The victim’s father told the Daily Wire that the male student forcibly sodomized his ninth-grade daughter in a school bathroom while wearing a skirt. When the father tried to tell the school board about the incident at a meeting, he was arrested for disorderly conduct.

While the 15-year-old girl testified that she had engaged in consensual sexual activity with the defendant twice in a girls’ bathroom at Stone Bridge High School before the assault, she described being violently coerced into performing sexual acts during a subsequent encounter.

The perpetrator was allowed to remain enrolled in the school system while local law enforcement conducted an investigation.

Is it so hard for the New York Times to understand why a parent might be upset?

Can They Take a (Lame) Joke?

The media proved last week that it can’t take a joke after the judge overseeing the homicide trial of Kyle Rittenhouse quipped that he hoped the Asian food he ordered for lunch wasn’t stuck in the backlog at a California port.

“I hope the Asian food isn’t coming . . . isn’t on one of those boats from Long Beach Harbor,” said Kenosha County Circuit Court Judge Bruce Schroeder as the court was nearing a lunch break.

As NR’s John McCormack detailed, the Washington Post seemingly created its own short-term Schroeder beat, with four reporters descending upon the story: “Judge in Kyle Rittenhouse trial faces backlash from ‘Asian food’ joke: ‘Definitely not okay.’”

CNN, meanwhile, called it an “inappropriate” and “anti-Asian” joke. The president and executive director of Asian Americans Advancing Justice- AAJC told CNN the joke “harms our community and puts us in the crosshairs of micro aggressions as well as actual physical violence.”

All of this over a supply-chain joke?

Headline Fail of the Week

The New York Times reports: “Republicans Gain Heavy House Edge in 2022 as Gerrymandered Maps Emerge.” If you stopped there, you might be under the misimpression that the Times is simply unaware of Democrats’ prodigious efforts to redraw congressional maps to their advantage where they can. In fact, even if you read through only paragraph 21, assertions like “gerrymandering, carried out by both parties but predominantly by Republicans,” and quotes such as “‘They’re [Republicans] really taking a whack at competition,’” you could be forgiven for believing Republicans are especially culpable for drawing distorted districts.

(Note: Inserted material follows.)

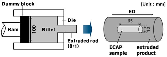 The commercial and CaO-added AZ31 alloys were subjected to ECAP in this study. The chemical composition of each alloy was analyzed using inductively coupled plasma mass spectrometry (ICP-MS, Thermo Fisher Scientific, Dover, DE, USA), and the results are listed in Table 1. Billets with a diameter of 100 mm were produced via direct-chill casting and extruded with an extrusion ratio of 8:1. Subsequently, the samples for ECAP (diameter = 10 mm, height = 65 mm) were machined from the extruded rods (Figure 1).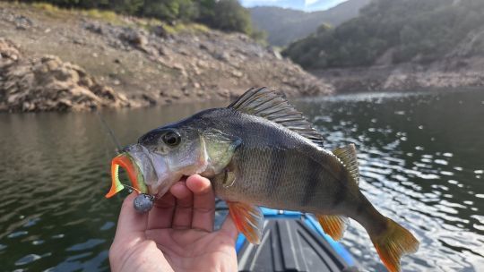 La pesca del pesce persico in kayak si effettua con piccoli pesci che nuotano, spinners o micro-jigs catturati con la lenza.

It’s only the especially interested reader who eventually learns — in paragraph 22 — that “Illinois will eliminate two Republican seats from its delegation and add one Democratic one when Gov. J.B. Pritzker signs the map that the state’s Democratic-controlled Legislature approved last month. New York is likely to add seats to the Democratic column once the party’s lawmakers complete maps next year, and Maryland Democrats may draw their state’s lone Republican congressman out of a district.”

Compare that late mention to Texas, where, according to the Times, “the trend is starkest” because Republicans plan on drawing a map that will add two seats to the GOP’s column.

As it turns out, the Times is conscious of Democrats’ fondness for gerrymandering, they just don’t want you to be.

Media Misses:

-Brian Stelter proved in a tweet last week that the plural of “anecdote” is not “data” when he shared a photo of a fully-stocked supermarket and pretended that meant the supply chain issues plaguing America must be the stuff of myths:

-MSNBC’s Chris Hayes sought to draw a confusing comparison between the Columbine High School massacre, in which two students murdered 15 people in a premeditated act of nihilism, and Kyle Rittenhouse, who shot three people, killing two, while he was lying prone in the street being beaten by several attackers in the middle of a riot. Rittenhouse and his attorneys have claimed he was acting in self-defense.